The last compulsory isolation was reportedly enforced in 1960, and Part 32 of the Federal Code of Regulations "Medical Care for Persons with Hansen's Disease and Other Persons in Emergencies" dropped the term "detention" in 1975. It should be noted that all these policy changes were made through administrative action, not by changing statutory law. Law revision was not visible on the agenda as these policy changes proceeded. Even in 1974 when Hawaii ruled that all future new cases of the disease would be treated as outpatients, no debate took place on the federal level. Compulsory isolation was terminated as the practice of involuntary admission and that of forced institutionalization ended.
US period III (Post 1980 through 2000)
The driving force to terminate the isolation policy legislatively and abolish the leprosarium came not from new medical findings but from arguments for economic efficiency and budget cutting. In 1981, the Reagan administration and Congress agreed that it no longer made sense for the government to run public health hospitals, since Medicare, Medicaid, and the general oversupply of hospitals made specialized hospitals obsolete. A congressional subcommittee, backed by the Omnibus Budget and Reconciliation Act, thus targeted the nation's nine public health hospitals, including the National Leprosarium at Carville. However, lobbied by the several groups which had developed over the years to oppose termination – including the community of Carville, the patients, a society of Legionnaires and veterans -, Congressman Gillis Long fought for an exemption for Carville. Consequently, the leprosarium survived the challenge based on the argument that HD patients need special care and considerations (The institution was renamed as Gillis Long Hansen's Disease Center later in 1986).
To the Congress, after 1981, Congressmen Henry A. Waxman and Gillis W. Long instead proposed a bill to change HD policy. Avoiding the issue of closing down the Carville institution, the bill was intended to permit treatment of HD outside PHS facilities and to eliminate additional pay for personnel treating HD. In the report attached to the bill, Richard Ashbaugh (Acting Director, Bureau of Medical Services, PHS) indicated the PHS's support for the bill. He stated, "Leprosy pay ... was instituted because of a mistaken belief that workers were at significant risk in contracting Hansen's disease ... Not only is leprosy pay an unjustifiable expense, it actually increases the stigma associated with Hansen's disease." He went on to say, "The PHS is strongly committed to the least restrictive possible treatment of Hansen's disease ... " A similar act was submitted in the subsequent year, but also not enacted at least in part because beneficiaries of the center's payroll, including the patients working at the facility, made a strong objection to the bill.
Without legislative support, the PHS had been subsidizing ambulatory care centers for HD patients, outside the HD Center since 1981. The PHS National Outreach Program started 11 regional outpatient services nationwide. When the PHS in 1983 did a formal review of the Center, it issued a report which highlighted the Center's economic inefficiency, making that the focal point of the discussion. The Center at that time housed only 200 patients but comprised 98 buildings on 337 acres.

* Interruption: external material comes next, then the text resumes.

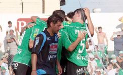 | Punteros. Los jugadores de Sportivo Belgrano celebran mientras lo sufre Dopazo (foto www.diariosports.com.ar) |
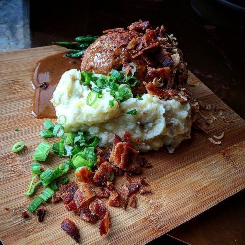 In Worcester, Massachusetts, The Hangover Pub has bacon all over its menu, including this bacon herb meatloaf with bourbon au poivre gravy, mascarpone whipped Yukon gold mashed potatoes and sauteed green beans. If you've got a sweet tooth at the end of your meal, try one of the stuffed bacon donuts or the bacon chocolate chip cookies because...bacon!

The staff included 317 civil service and PHS workers and 125 part-time patient employees. The PHS recommended that the Center continues its custodial care and research programs, but asked for more outpatient clinics and a study of the elimination of residential care. In the following year, the PHS set up a utilization review committee in Carville to review periodically the conditions of patients who had been hospitalized more than two years, for their possible discharge ability.
Finally, legislation was made. In 1985, PL99-117 was enacted which stated the PHS ... "shall provide care and treatment (including outpatient care) without charge ... to any person suffering from Hansen's Disease who needs and requests care and treatment for that disease"[62, 63]. The term "detention" was deleted from the Act, though the provision of residential care was not completely negated. The hazardous duty salary supplements, while had been reduced to one and one-quarter time, were discontinued for new hires.

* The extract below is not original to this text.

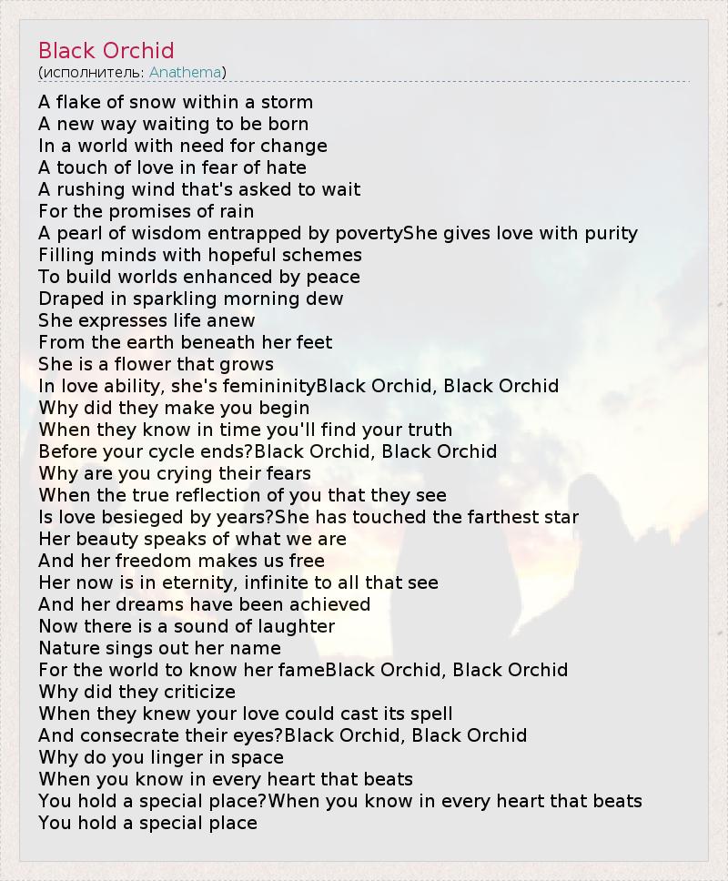 А как ты думаешь, о чем песня "Black Orchid" ?

In 1988, three years after the legislation, the PHS published its report "Strategic Plan, National Hansen's Disease Center (NHDC)." The plan reiterated the situation of the NHDC, and evaluated whether it would be cost effective and feasible to contract out the patient care activities of the Center and transfer the research activities elsewhere. The report recommended expanding the Center's mission to include other nerve-desensitizing diseases, contracting out long-term patient care, and moving the Center's research facilities to Baton Rouge. It also argued the necessity of maintaining the Center so that patients who had lived at Carville for decades could be cared for compassionately in familiar surroundings. The report reached the definitive conclusion that there should be no new resident admitted to the Center, so that over time the population would dwindle to nothing and the entire facility could be closed. Accordingly in that same year, Dr. John Duffy, a new director, began the move of the Center's acute care, research and educational functions to Baton Rouge, while allowing the current residents to stay in Carville. Thus, in practice, both voluntary and involuntary isolation and hospitalization ended.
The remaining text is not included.